I slept extremely well until sometime around three when the All India Boilermakers Annual Convention kicked off in its traditional way by banging every pot and pan available, having drunk a skinful each of local liquor. Why they choose to hold this event in the temple at Baghi about 50 yards from our bedroom in the middle of the night remains a mystery.


Remarkably good aloo pronta were available for breakfast across the road in the ‘Elegant’ café, so good that we had a couple wrapped for brunch. Plus more tea for the thermos. A grey dreadlocked, saffron skirted old sadhu/boilermaker enthusiast appears in the café with a bucket of halva (flour, sugar and ghee) and a thick pad of newspaper cut into six inch squares, one of which he places in front of every customer (one of whom started reading his section) except us and onto which he dollops a ladle of halva, reminding me of the good old days, pre-EU, when fish and chips were so wrapped on a Saturday afternoon, soggy with salt and vinegar and good old-fashioned printer’s ink. Something to look forward to, post-Brexit.
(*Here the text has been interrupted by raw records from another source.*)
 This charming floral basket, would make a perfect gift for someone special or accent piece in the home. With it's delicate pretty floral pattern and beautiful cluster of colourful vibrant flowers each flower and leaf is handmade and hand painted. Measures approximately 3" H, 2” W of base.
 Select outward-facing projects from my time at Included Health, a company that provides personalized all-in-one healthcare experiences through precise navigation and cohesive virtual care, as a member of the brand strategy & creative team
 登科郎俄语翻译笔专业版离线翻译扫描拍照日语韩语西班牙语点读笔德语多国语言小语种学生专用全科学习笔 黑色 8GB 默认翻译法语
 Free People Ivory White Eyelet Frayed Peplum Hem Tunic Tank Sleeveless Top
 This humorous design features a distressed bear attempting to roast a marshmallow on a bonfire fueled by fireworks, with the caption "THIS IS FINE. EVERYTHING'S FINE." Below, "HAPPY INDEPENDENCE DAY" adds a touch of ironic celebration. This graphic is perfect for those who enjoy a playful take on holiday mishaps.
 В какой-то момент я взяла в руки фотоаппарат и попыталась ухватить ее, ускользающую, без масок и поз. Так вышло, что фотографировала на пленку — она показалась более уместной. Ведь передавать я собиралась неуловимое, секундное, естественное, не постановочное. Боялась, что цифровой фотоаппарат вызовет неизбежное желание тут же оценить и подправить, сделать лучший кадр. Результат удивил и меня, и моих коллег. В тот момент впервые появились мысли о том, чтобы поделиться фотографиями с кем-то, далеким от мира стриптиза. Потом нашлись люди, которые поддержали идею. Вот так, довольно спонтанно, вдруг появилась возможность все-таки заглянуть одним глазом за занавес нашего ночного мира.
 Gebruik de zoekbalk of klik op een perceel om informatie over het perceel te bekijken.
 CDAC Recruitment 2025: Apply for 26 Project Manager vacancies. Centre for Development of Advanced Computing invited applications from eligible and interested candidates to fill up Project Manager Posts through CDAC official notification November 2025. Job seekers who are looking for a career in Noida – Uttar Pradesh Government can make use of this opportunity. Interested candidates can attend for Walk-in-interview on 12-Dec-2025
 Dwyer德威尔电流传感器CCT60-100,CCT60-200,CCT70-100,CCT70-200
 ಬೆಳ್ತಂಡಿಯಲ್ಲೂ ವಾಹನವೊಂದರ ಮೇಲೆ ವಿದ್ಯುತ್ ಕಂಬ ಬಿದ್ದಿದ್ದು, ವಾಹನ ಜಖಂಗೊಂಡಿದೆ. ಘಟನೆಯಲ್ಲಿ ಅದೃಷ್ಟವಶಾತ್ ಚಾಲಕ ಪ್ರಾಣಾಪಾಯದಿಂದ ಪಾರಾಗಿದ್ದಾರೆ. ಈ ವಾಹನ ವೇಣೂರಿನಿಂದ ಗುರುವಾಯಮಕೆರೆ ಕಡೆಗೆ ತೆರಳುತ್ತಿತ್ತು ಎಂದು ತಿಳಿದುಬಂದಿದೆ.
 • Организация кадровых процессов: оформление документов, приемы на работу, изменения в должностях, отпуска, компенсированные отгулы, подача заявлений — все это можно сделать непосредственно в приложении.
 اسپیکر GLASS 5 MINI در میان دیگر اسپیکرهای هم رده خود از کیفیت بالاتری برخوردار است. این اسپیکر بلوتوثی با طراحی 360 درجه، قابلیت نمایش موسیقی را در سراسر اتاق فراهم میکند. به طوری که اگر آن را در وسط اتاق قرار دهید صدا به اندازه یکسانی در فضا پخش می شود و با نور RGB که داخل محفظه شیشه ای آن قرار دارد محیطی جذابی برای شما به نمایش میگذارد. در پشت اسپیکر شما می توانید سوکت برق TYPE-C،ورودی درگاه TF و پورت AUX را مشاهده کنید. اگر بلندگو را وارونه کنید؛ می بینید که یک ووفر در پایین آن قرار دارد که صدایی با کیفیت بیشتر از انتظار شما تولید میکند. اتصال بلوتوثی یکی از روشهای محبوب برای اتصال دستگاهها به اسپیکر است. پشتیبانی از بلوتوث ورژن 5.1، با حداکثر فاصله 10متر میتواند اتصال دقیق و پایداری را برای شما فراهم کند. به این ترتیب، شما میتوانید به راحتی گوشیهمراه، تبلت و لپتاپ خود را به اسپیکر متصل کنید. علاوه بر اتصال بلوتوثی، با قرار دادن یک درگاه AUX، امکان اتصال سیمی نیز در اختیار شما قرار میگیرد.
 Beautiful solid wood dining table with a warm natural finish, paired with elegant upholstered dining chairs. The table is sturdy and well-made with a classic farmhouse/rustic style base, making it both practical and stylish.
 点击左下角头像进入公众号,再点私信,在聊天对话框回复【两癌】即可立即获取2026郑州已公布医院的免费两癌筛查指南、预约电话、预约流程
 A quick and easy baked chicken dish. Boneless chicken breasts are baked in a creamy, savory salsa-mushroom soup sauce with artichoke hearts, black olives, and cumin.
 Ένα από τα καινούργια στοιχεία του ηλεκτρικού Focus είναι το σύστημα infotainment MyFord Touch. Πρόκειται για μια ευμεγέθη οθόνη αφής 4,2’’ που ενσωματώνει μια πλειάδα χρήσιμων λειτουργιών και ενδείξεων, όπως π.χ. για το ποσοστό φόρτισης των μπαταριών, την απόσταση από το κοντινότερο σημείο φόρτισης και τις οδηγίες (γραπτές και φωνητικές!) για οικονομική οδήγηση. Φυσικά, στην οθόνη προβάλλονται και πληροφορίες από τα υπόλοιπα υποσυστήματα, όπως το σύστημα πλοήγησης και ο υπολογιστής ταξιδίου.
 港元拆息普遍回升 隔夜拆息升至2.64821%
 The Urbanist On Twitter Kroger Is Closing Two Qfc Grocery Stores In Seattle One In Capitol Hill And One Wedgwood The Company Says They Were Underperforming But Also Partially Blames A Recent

And off we went – our first destination being the peak of Hatu, at 3400 metres, now a popular temple tourist spot with truly remarkable almost 360 views of the Great Himalayas. 500 metres down the road, a car stops, in the middle of the road, thus blocking traffic in both directions.

“Where are you from?” the driver asks, directly.

I’m never very good at inane social chit-chat with complete strangers, or even people I know quite well, and least so early in the morning, with the prospect of a glorious hike just round the next bend.

“England.” say I.

“My daughter is in London. Newcastle.” he says, clearly expecting a positive response.

I stare back at him. He waits for me to say something along the lines of probing further into the non-likelihood of his daughter and I having some family connection, which is apparently the Indian way. Holding back on the temptation of saying “So what? I don’t know you from Adam. Newcastle is 500 miles from London – I have never been there nor know anyone who has. And by the way, I am going on a trek specifically to avoid people like you…” eventually, I think I just said “Good.”

Disappointed, he turns to my wife and thoroughly grills her in Hindi on our family circumstances in a great deal of personal detail, cars building up on either side, honking, to which he remains oblivious, and even makes a point of slowly writing down our names in his notebook. In pencil. I admire the view down the valley until the point where we are allowed to drag ourselves away from our interrogator, and soon find the track up the ridge towards Hatu. Mercifully, after a short while there are no further signs of human presence; in contrast, we soon stumble onto my first pile of bear crap, just as Uncle had described: a large dollop of fruity poo, not quite steaming but nice and fresh, like a summer pudding crossed with Christmas pudding crossed with bear crap. He’d obviously had a good night hoovering up windfalls around Baghi and was now somewhere ahead of us sleeping it off. My throat clearing increased in frequency and rose a decibel or two, especially as it wasn’t long before we came across his footprints. Bear prints are like human’s with five toes at the top and a pad behind – the fore paw has a short pad, while the hind paw is much more like yours or mine. Leopards and dogs have four toes arranged more equally around a central pad.


Half-way up the ridge we came into a grassy meadow which had an ancient feel, and on a flat-topped rock, like a small tor, was another grain-pounding hole and several hieroglyphs. To me they looked seriously old and I’d love to know more.